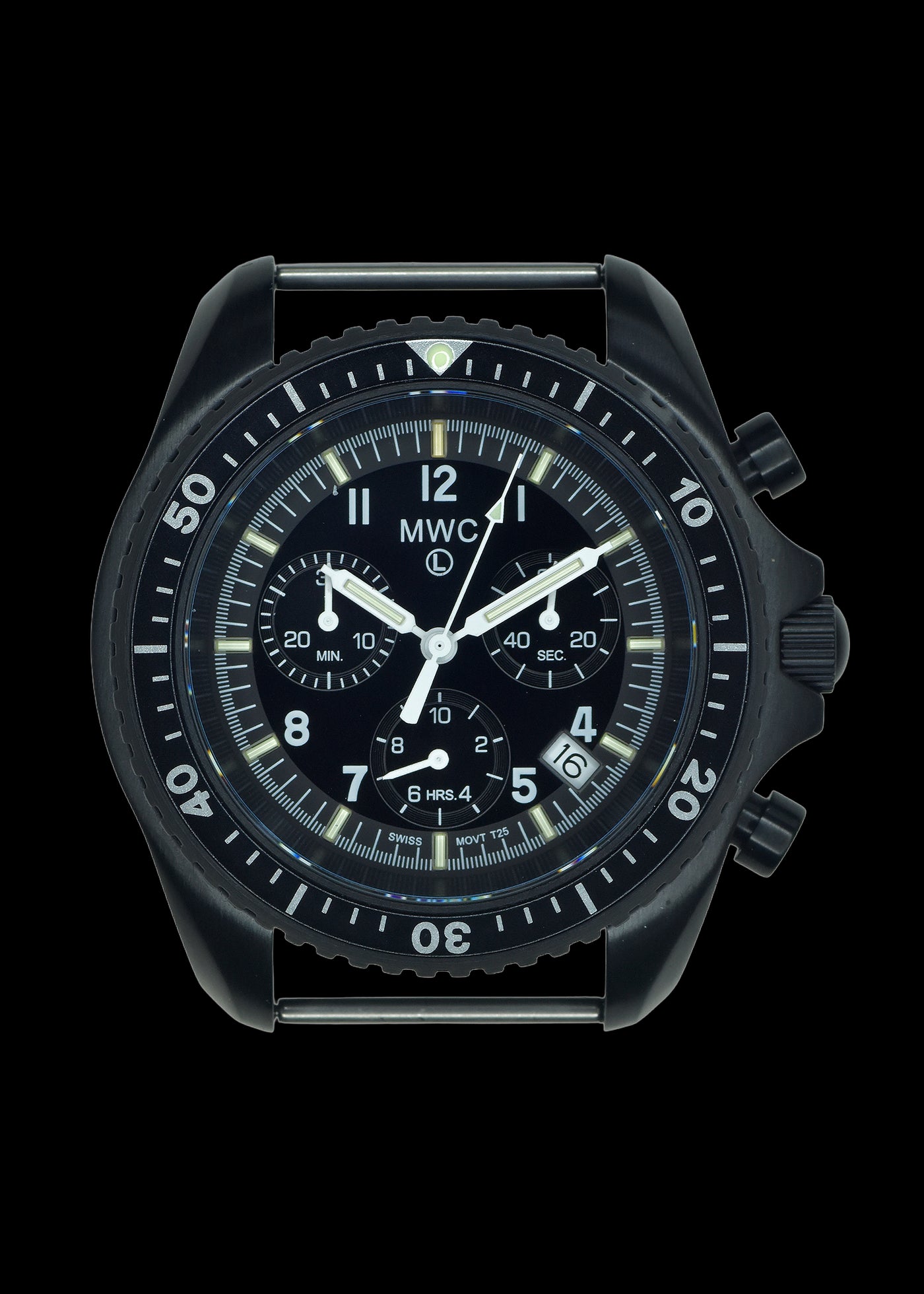 MWC NATO PatternBlack PVD Steel Militärisch Pilots Chronograph with is eine militärische Fliegeruhr die Chronograph Uhrwerk kombiniert mit gehärtetem Mineralglas. Dientengevolge is dieses Modell geeignet für zowel actief Feldeinsatz als das tägliche Tragen. Waardoor trekt diese Uhr de aandacht von jeden, der Qualität en Authentizität waardeert.
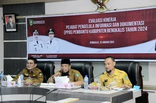 Bengkalis, Taktiknews.com – Pemerintah Kabupaten (Pemkab) Bengkalis melalui Dinas Komunikasi, Informatika dan Statistik Kabupaten Bengkalis menggelar rapat evaluasi kinerja Pejabat Pengelola Informasi dan Dokumentasi (PPID) Pembantu Kabupaten Bengkalis Selasa, 16 Januari 2024 di Ruang Rapat Hang Jebat, Lantai 2 Kantor Bupati Bengkalis.
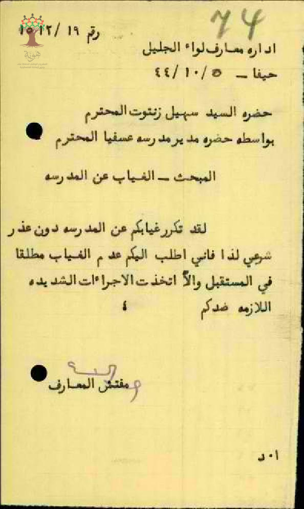 تحذير موجه للمعلم سهيل زنتوت بسبب تكرار الغياب عن المدرسة
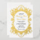 An antique ornate frame in gold with vintage formal serif and calligraphy fonts for a traditional elegant wedding design.
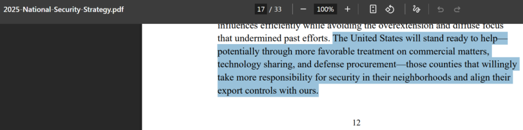 此外,特朗普第二任期的2025年国家安全战略提出,在出口管制方面与美国保持一致的国家,美国将随时准备予以支持——包括在商业事务上给予更优惠待遇、共享技术以及参与国防采购等。
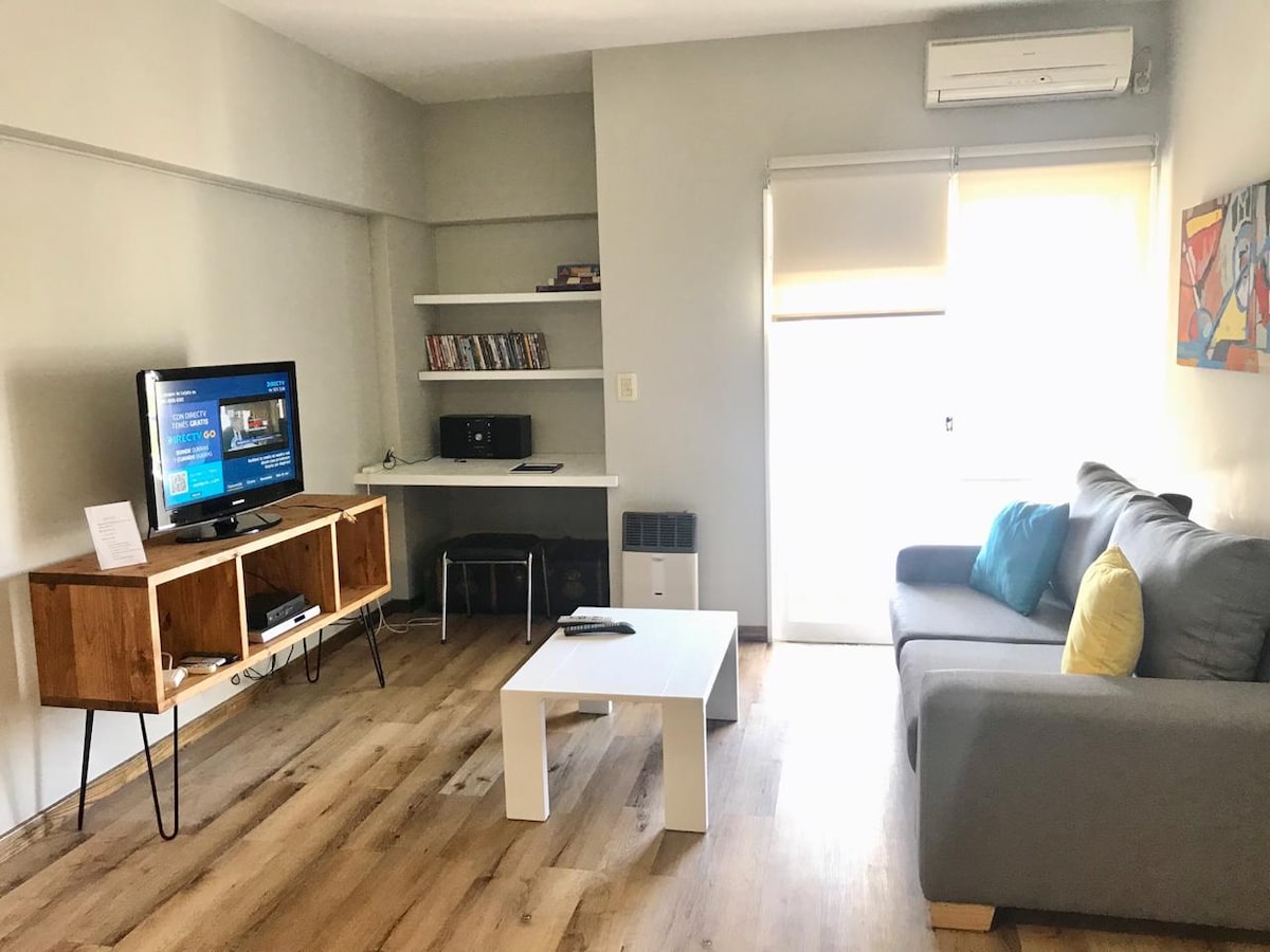 Apartamento totalmente reformado. Em uma das áreas mais exclusivas do centro da província de Mendoza. A 6 quarteirões da divertida rua Aristides Villanueva, a 250 metros da Peatonal. Rodeado pela beleza de todas as praças do centro da cidade. Sem dúvida, um alojamento ideal para casais e pessoas que viajam sem veículo. O apartamento é espaçoso e tem 2 ambientes. Cama 1,8m x 2m, TV a cabo, internet 50 Mb, geladeira, micro-ondas e chaleira elétrica.
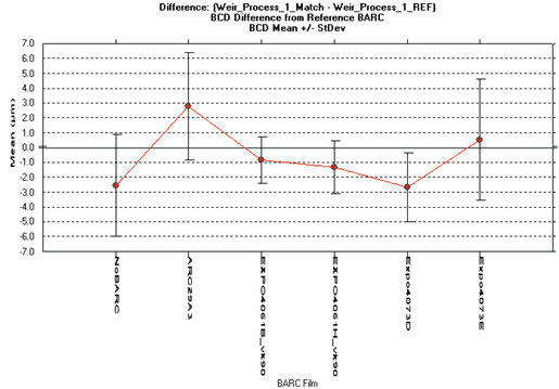 CD-SEM metrology of six BARC and one bare wafer layer, are
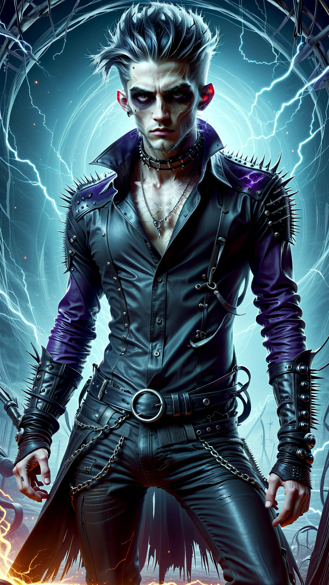 Goth Punk visits Hammer Horror films. Dark, creepy, Goth, sado-masochism. He can turn invisible and follow people around. He also has the ability to enter their minds and scare them to death. He can also siphon off little bits of life force and energy from his victims---most of the time he kills them. A young Caucasian man in his 20s, his skin is chalk white, he's becoming more undead as time goes by. He has dark circles around his eyes, but he also wears Goth makeup. Very tall, thin, lithe but strong, sinewy. Emo style hair, shaved on the sides and back, long on top and falls over one eye-- the top is dyed eggplant purple. Strong brow and jaw, masculine and handsome, though he does have a slight resemblance to Frankenstein's monster--- he takes pride in that. His eyes are grey and intense, like he's staring into your soul. Because he is tall, he has very big hands with long fingers. He wears the latest in Goth fashion: black leather choker collar with spikes, sheer black see-thru form fitting long sleeved shirt, o-ring black leather harness, black leather bracers with spikes on his arms, dark Violet leather jeans, heavy black leather engineer boots. Full body pose, hanging out in a graveyard or dark Goth Punk club.
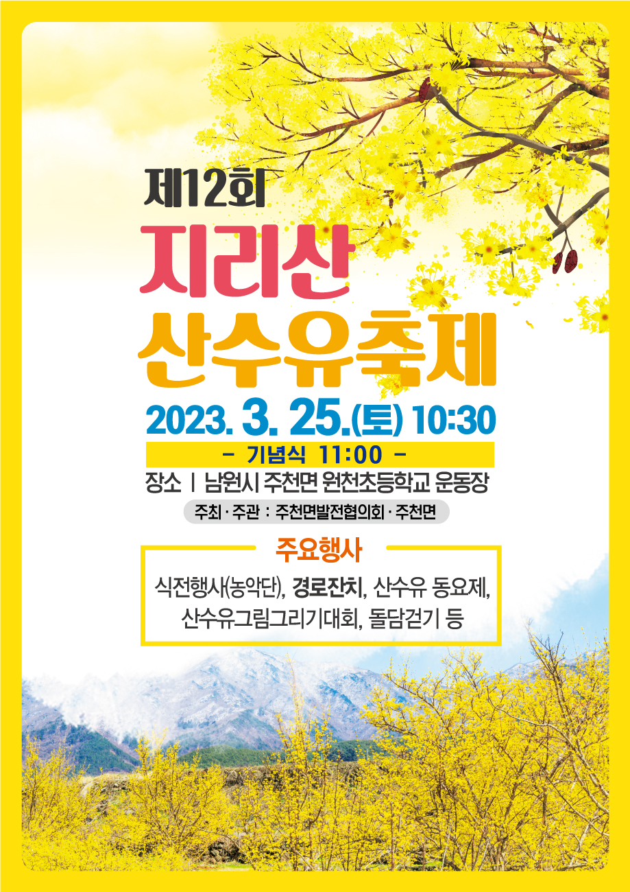 지리산 산수유 축제 2023 총정리를 안내해 드리도록 하겠습니다. 산수유 꽃이 만개한 남원 주천면 원천초등학교에서 3월 25일, 제12회 산수유꽃 축제가 열립니다.

Exercise goal
Copy only what lies between the line with "An antique ornate" and the line with "此外,特朗普第二任期的202", those two lines included, exactly as given above; pictures stay out.

Reply
 An antique ornate frame in gold with vintage formal serif and calligraphy fonts for a traditional elegant wedding design.
 此外,特朗普第二任期的2025年国家安全战略提出,在出口管制方面与美国保持一致的国家,美国将随时准备予以支持——包括在商业事务上给予更优惠待遇、共享技术以及参与国防采购等。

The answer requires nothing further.